Why not find comfort in each other?

So I pursued him. Somewhat shamelessly, I have to admit. I just dumped myself in his town, with no job and no reason besides him to be there, and forced him to be social with me.

I saw, but didn't understand, that he didn't resist. To my surprise, Meilin explained in a dream why she had picked me. I figured Solo had done the negotiating, but she was the one in the sore place. Fei… liked me.

I sure as hell liked him. And we were attracted to each other.

What could be better?

I had this voice in my ear, cajoling me to tease him and to challenge him, and I watched as his eyes slowly warmed to me with an affection that made my whole body blush.

He said I was reminding him of someone, and it didn't bother me.

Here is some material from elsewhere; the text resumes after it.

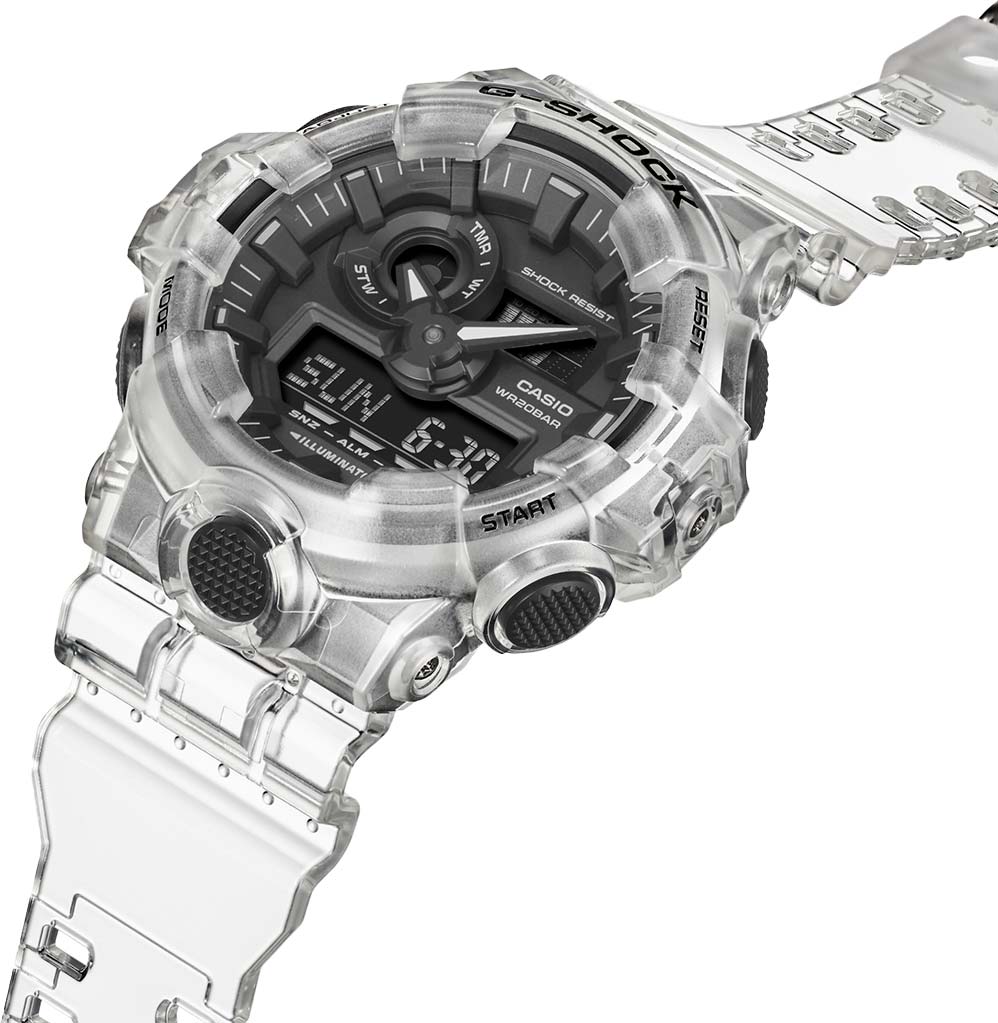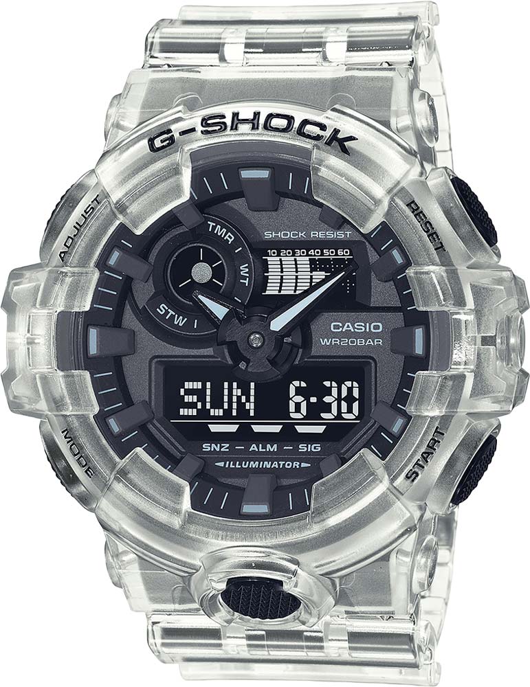 Благодаря стильному дизайну и крупным стрелкам, часы имеют не только отличный внешний вид, но и обладают действительно удобной индикацией времени.G-Shock. Новинка с прозрачным корпусом в серии часов GA-700. Противоударный корпус защищает механизм от ударов и вибрации. Циферблат подсвечивается ярким светодиодом. В часах есть функция послесвечения - подсветка продолжает работать несколько секунд после того как кнопка подсветки была отпущена. Цвет подсветки - белый. 12-ти и 24-х часовой формат времени. Секундомер с точностью показаний 1/100с и временем измерения 24ч. SPLIT-хронограф.Таймер обратного отсчета от 1мин до 1ч с автоповтором. Мировое время – 48 городов (31 часовой пояс), всемирное координированное время (UTC).

After all, I tended to fall for people that reminded me of Solo. Strong, confident types who could, and would, take care of me. Gee, that doesn't sound familiar, does it?

Selfishly, I enjoyed that it was me that he was kissing, me who made him all starry-eyed, my body he longed to explore…

Oh, she was still in me. She was a part of me now. She was my hands that reached out and brought him back in to me.

But when he first laid me out on his bed, it was my eyes he was looking down into with such emotion, my name on his lips as he panted and heaved, it was to me that he said ‘I love you,' and it was me that said it back.

When Heero did show up, it was pretty much a done deal. I was now with Fei, body and soul.

There were times I considered telling him. Telling him how much Meilin loved him, how she forgave him…. But no part of me wanted him to think I was crazy. So I showed him instead.

Everybody can hear the dead. You hear them cry, and curse, and mourn. We carry our dead with us, and our dead carry us. I told Fei that on our ‘wedding' day. It was just us, in a shuttle above the Great Wall. But we did make vows to each other that we intended to keep.

He nodded slowly when I said it, and then he took my face in his hands, and paid gentle homage to my lips.

That night, I dreamed of sleeping in Solo's arms as I slept in Fei's arms.

I still don't believe in God, but I will never stop believing in my dead.